I've caught hybrids both on jigs dressed with soft plastic and on jigs dressed with marabou or hackle feathers. Bennett relies a lot on jigs tied by a friend, Mike Bolt, that are dressed with a few turns of chenille and a couple of hackle feathers. Plastic shad bodies are a popular jig dressing for catching hybrids, stripers or sand bass. The shad bodies come in many sizes for fishing with just about any weight of jighead.

As with the other lures, stick with shad colors most of the time. It doesn't hurt, though, to try some variations now and then. Sometimes when plain white isn't working for me, I'll try a jig with a red or fluorescent orange head. Or perhaps even a Road Runner (spinner-jig) to see if that triggers a strike. I once caught a nice 4-pound-plus hybrid while probing for crappie in an oxbow along the Verdigris River navigation channel. It took a long time, and a lot of luck, to land that hybrid on 6-pound-test line in that brush-filled oxbow. Several times my line wrapped around snags, only to have the fish change directions and free the line without breaking it.

Slab spoons are the final

category of lures that are frequently used to catch hybrids in Oklahoma lakes. For some reason, I've not had a lot of luck with those lures on hybrids. I've caught tons of sand bass, plus quite a few stripers, on slab spoons. I've even devoted entire trips to catching largemouths on slab spoons.

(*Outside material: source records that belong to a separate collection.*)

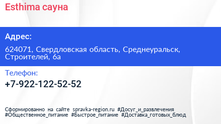 Esthima, сауна по адресу 624071, Свердловская область, Среднеуральск, Строителей, 6а в дальнейшем Организация, размещена в следующих категориях:
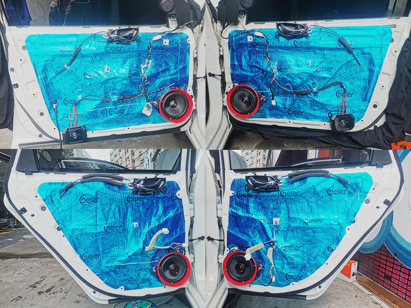 聲音傳播最好的環(huán)境就是密閉的環(huán)境。這樣聲音能盡可能的留在您的愛車?yán)铩W鐾甑谝粚痈粢艉螅覀円龅木褪前惭b好喇叭后,連接好線后,再做一層隔音,使用的依舊是貝爾的隔音藍(lán)膜。這里講究的是密閉性。
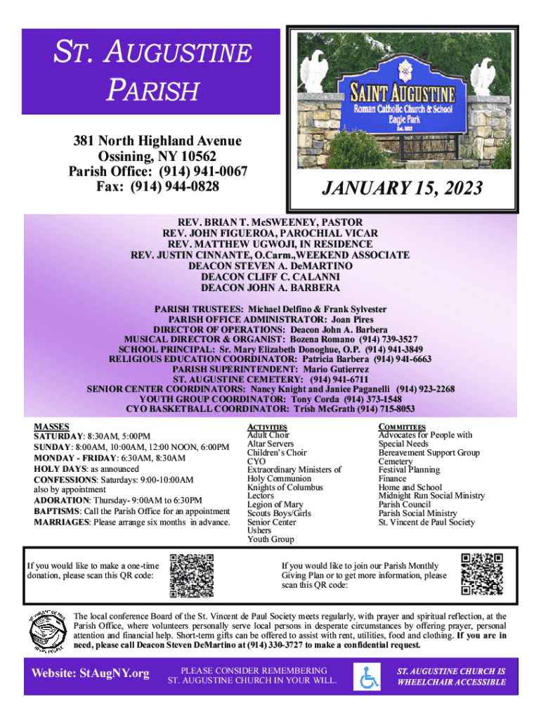 381 North Highland Avenue Assigning, NY 10562 Parish Office: (914) 9410067 Fax: (914) 9440828JANUARY 15, 2023REV. BRIAN T. Sweeney, PASTOR REV. JOHN FIGUEROA, PAROCHIAL VICAR REV. MATTHEW GOBI, IN
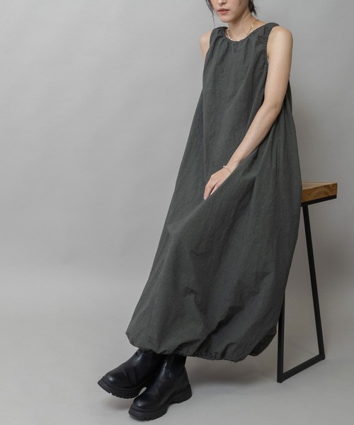 □ Munich 2026 spring & summer collection □ ◆ハリ感と表情ある素材感を生かした1枚で決まる楽ちんバルーンワンピース◆ <MATERIAL> 濃淡ムラのある発色が特徴の麻混タイプライターで経糸80番、緯糸に綿麻混紡の60番使用、染色は各色直接染料を使用しています。 天然素材の持つ豊かな表情が出るように小ロットにて手作業にこだわり、生布に機械的な圧力張力等を加えることなく、精錬染色に長い時間を費やし、乾燥には自然な表情を生かすため天日乾燥にて仕上げました。 ほどよいハリコシがありながら軽い着心地で、細かく入ったシワの凹凸で肌に触れる面が少なく、暑い日でも快適な着心地を叶えてくれる素材です。 製品後ワンウォッシュ+タンブラーを施しています。 <DESIGN> アームホール、衿ぐり、裾にギャザーを入れたふんわりとボリューム感あるワンピース。 アームホールは固定でゴムギャザーを入れていますが、衿ぐりと裾はゴム&ストッパーが付いているので、ギャザーのボリュームに変化を付けられます。 上半身はすっきりと着られるノースリーブにする事で、裾のボリューム感を出際立たせて、甘くなりがちなギャザーデザインに、メリハリを付けました。 しっかりとしたハリと表情のある生地なので、キレイ過ぎずデイリーに使いやすいです。 透け感もないので1枚でさらりと着こなしても、同素材のMN261T26をばさっと羽織るのもおすすめ。 <COLOR> ■ダークグレー:深みのあるダークグレーがモードで都会的な印象のカラー ■ベージュ:やわらかなベージュがナチュラルで抜け感のある印象の軽やかなカラー ■カーキ:落ち着いたカーキが、こなれ感のある季節問わず使えるカラー ■ピンク:ほんのりくすんだピンクが、甘さを抑えつつフェミニンなニュアンスカラー ※光のあたり具合いやパソコンなどのモニター環境によって実際の色味と異なって見える場合がございますので、予めご了承ください。 ※着用商品はサンプルです。サイズ等の仕様に若干の変更がある場合がございますので、予めご了承ください。 ※お取扱いについては、商品についております品質表示、アテンションタグにてご確認ください。 洗濯:洗濯機洗い可 .............................≪INFORMATION ≫............................ ▼商品のお気に入り登録▼ 『♡』マークを押してお気に入り登録して頂いた商品は、セール開催の通知やクーポン発行などのキャンペーンなど、お得な情報をいち早く受けとる事が出来ますので、ぜひご登録ください。

I know other anglers who've caught quite a few hybrids by pulling slabs through surfacing schools, or by bouncing them through schools that they've seen below them with sonar. The only hybrid I've caught that way came from Lake Eufaula, which doesn't get stocked with hybrids, except for one small stocking and a few "escapees" from the Oklahoma City lakes upstream.

Hybrids are, without a doubt, one of the most impressive fish you'll ever find on the other end of your line. Pound for pound or inch for inch, I would put hybrids up against any fish I've ever caught - in fresh water or salt - in terms of fighting ability.

Summertime is probably the best time to fish for them in Oklahoma. Even bank-fishermen and waders have a good chance at catching hybrids at this time of year, when the schools roam riprapped shorelines along dams or roadbeds, or chase shad onto windblown shorelines.

But hang on to your rod - or you might lose it!